Problem to solve |
Write out the entire listing below exactly, with the pictures left out.

Collected data |

---*---

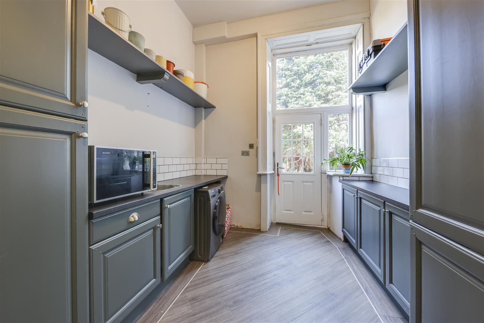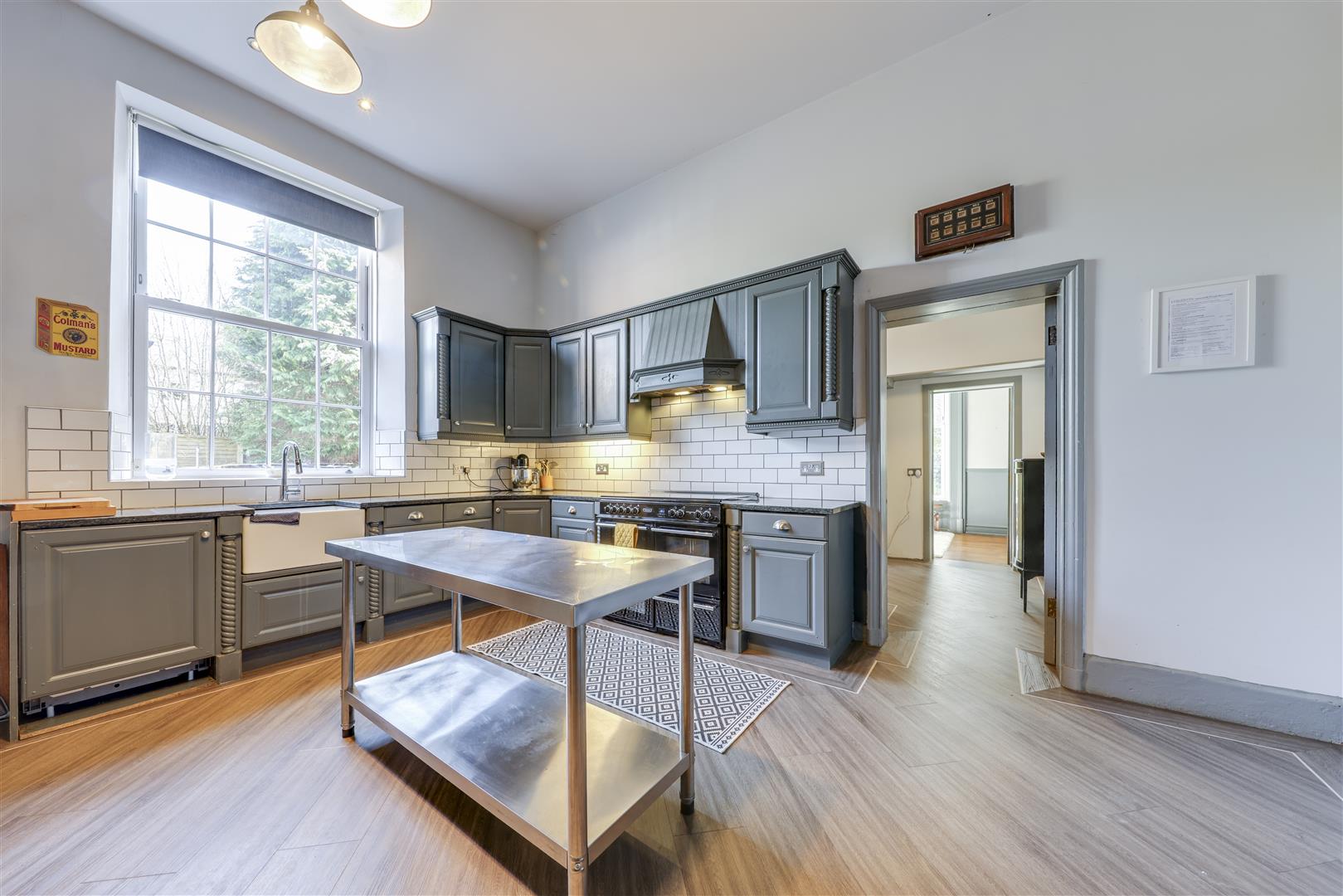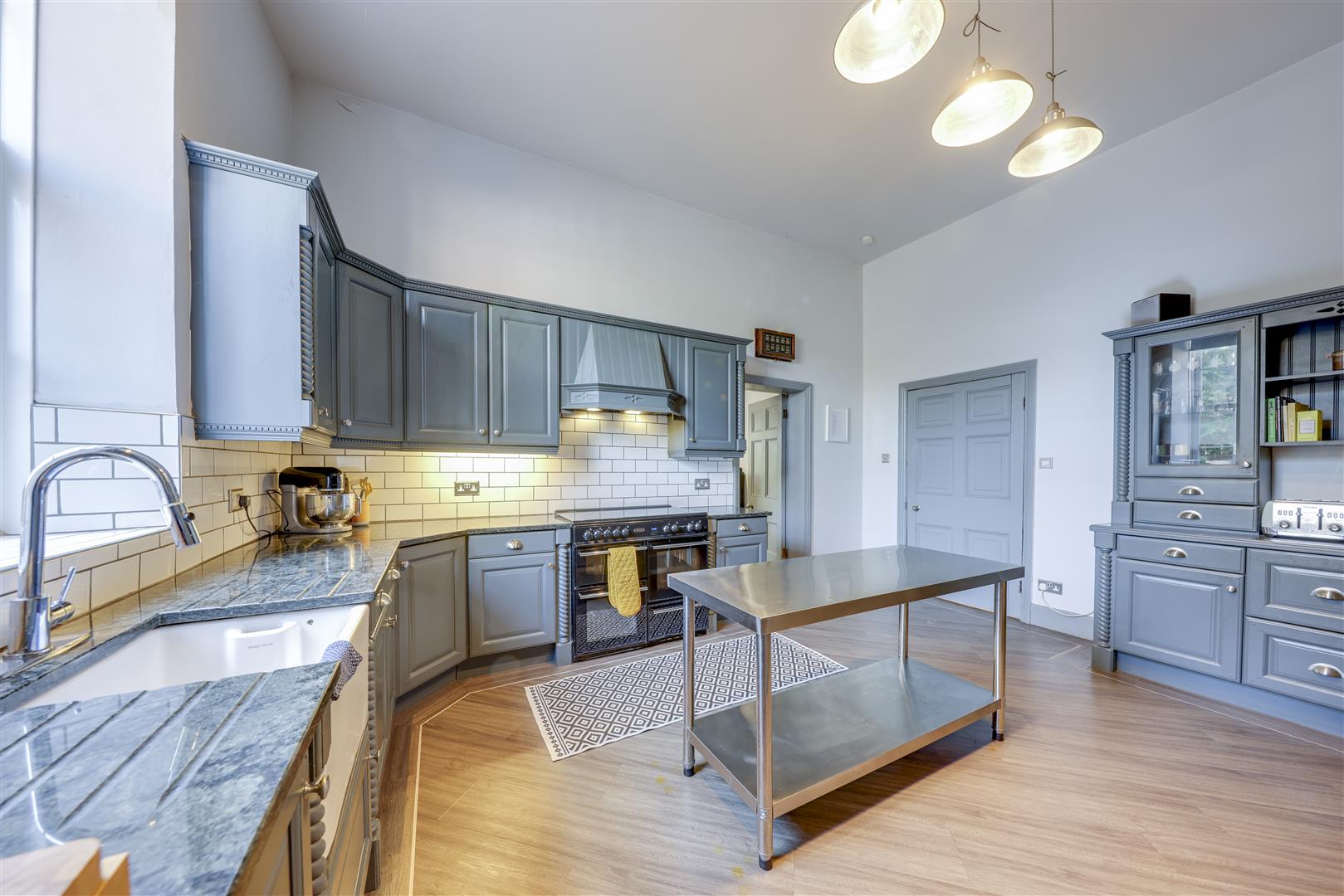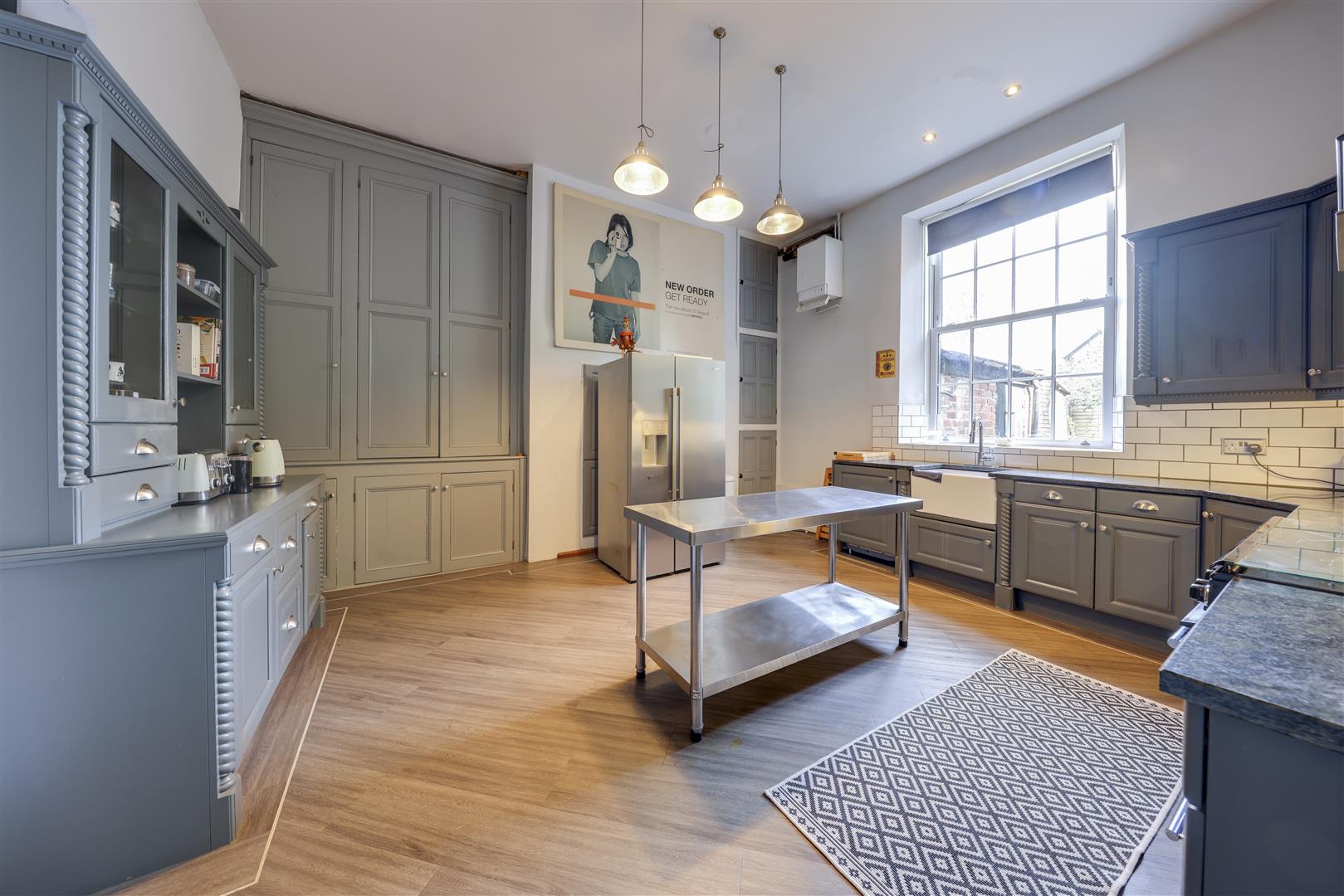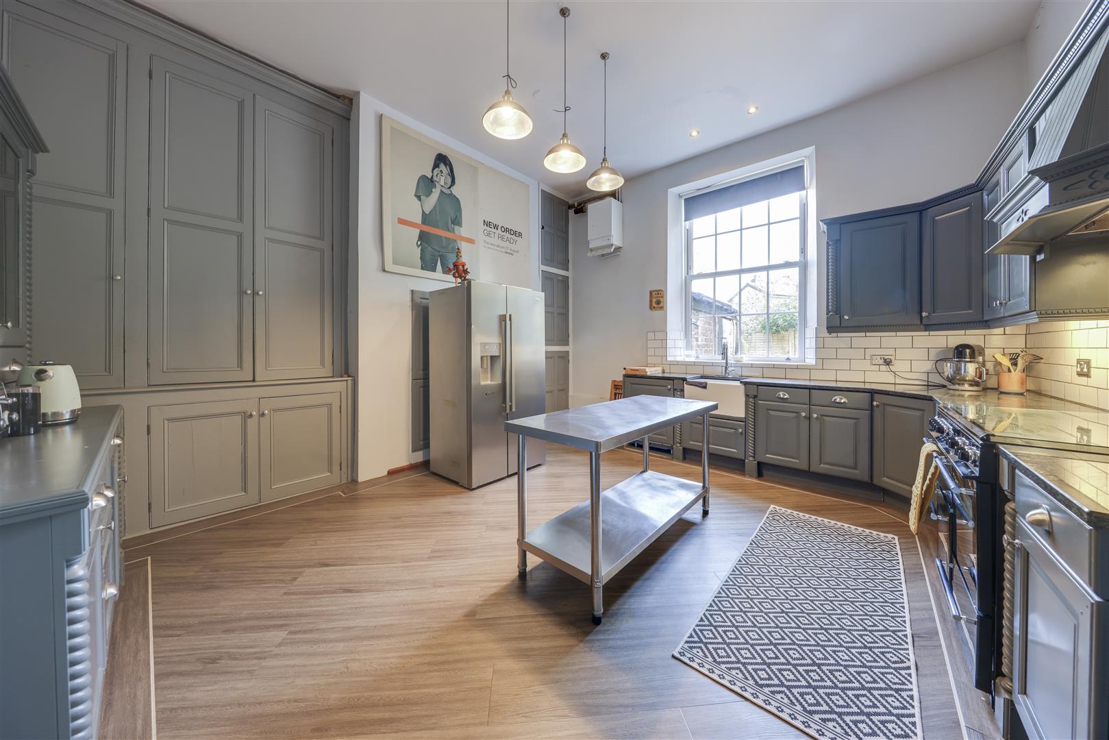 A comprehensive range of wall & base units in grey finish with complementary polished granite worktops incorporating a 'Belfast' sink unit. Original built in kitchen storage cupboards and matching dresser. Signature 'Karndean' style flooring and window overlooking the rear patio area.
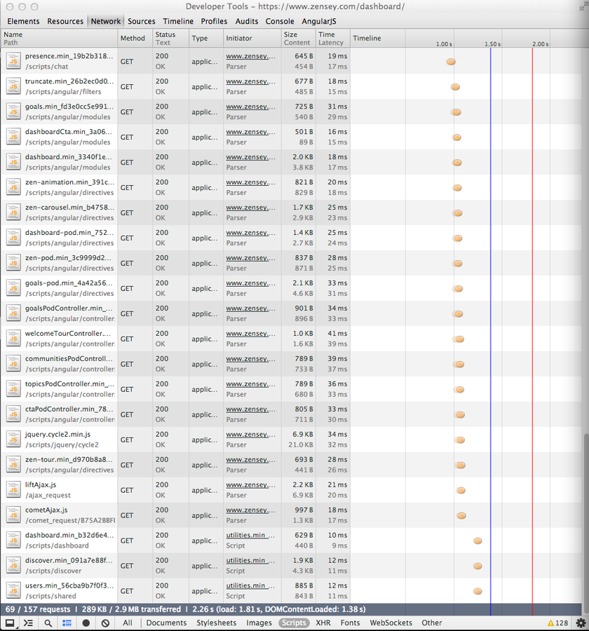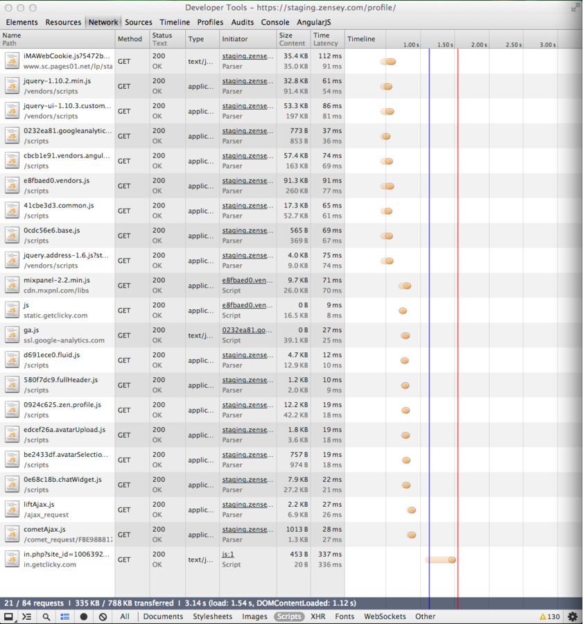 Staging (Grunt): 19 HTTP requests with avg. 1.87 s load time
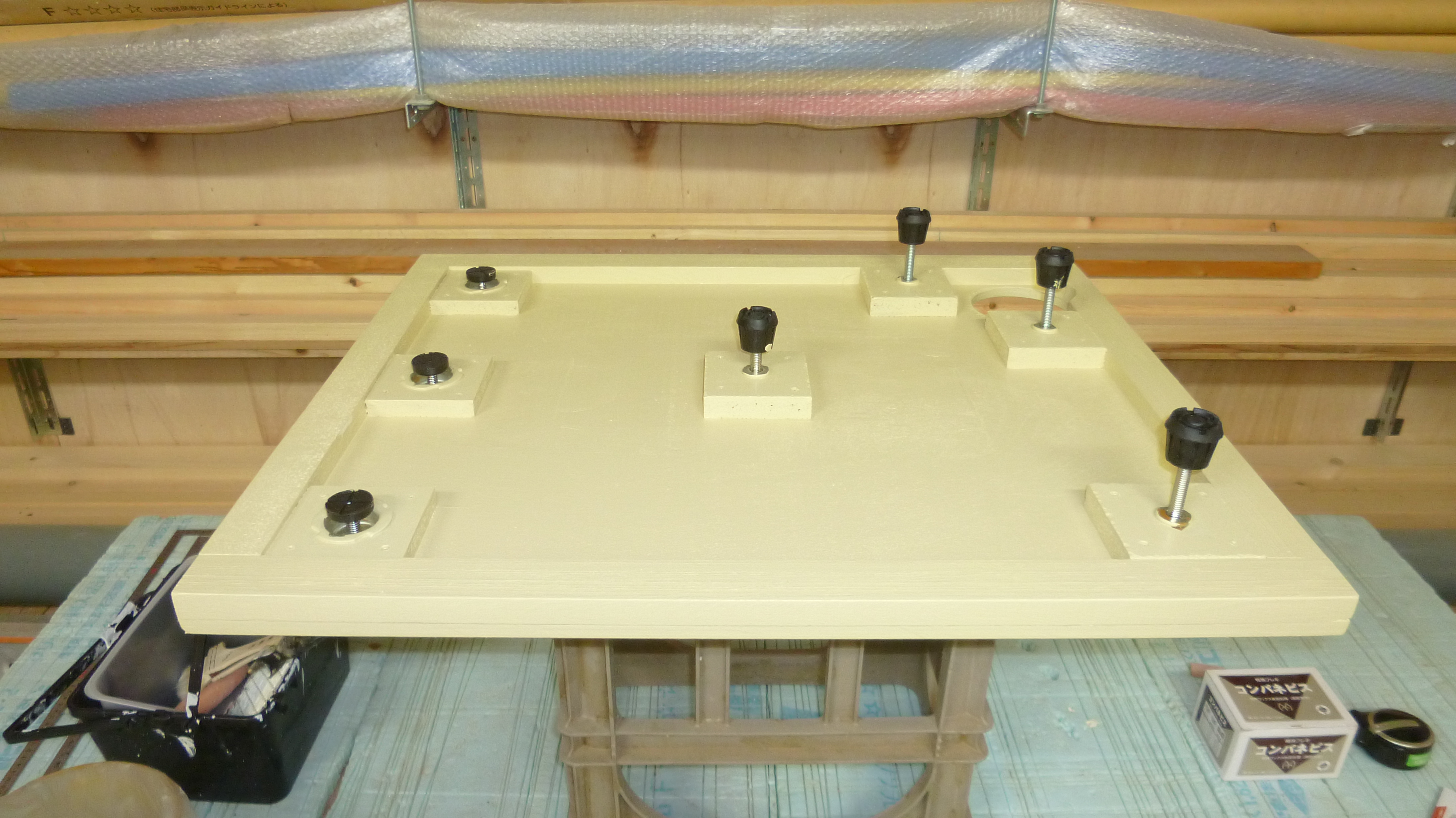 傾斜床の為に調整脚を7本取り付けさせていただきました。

---*---

Output of the task |
 A comprehensive range of wall & base units in grey finish with complementary polished granite worktops incorporating a 'Belfast' sink unit. Original built in kitchen storage cupboards and matching dresser. Signature 'Karndean' style flooring and window overlooking the rear patio area.
 Staging (Grunt): 19 HTTP requests with avg. 1.87 s load time
 傾斜床の為に調整脚を7本取り付けさせていただきました。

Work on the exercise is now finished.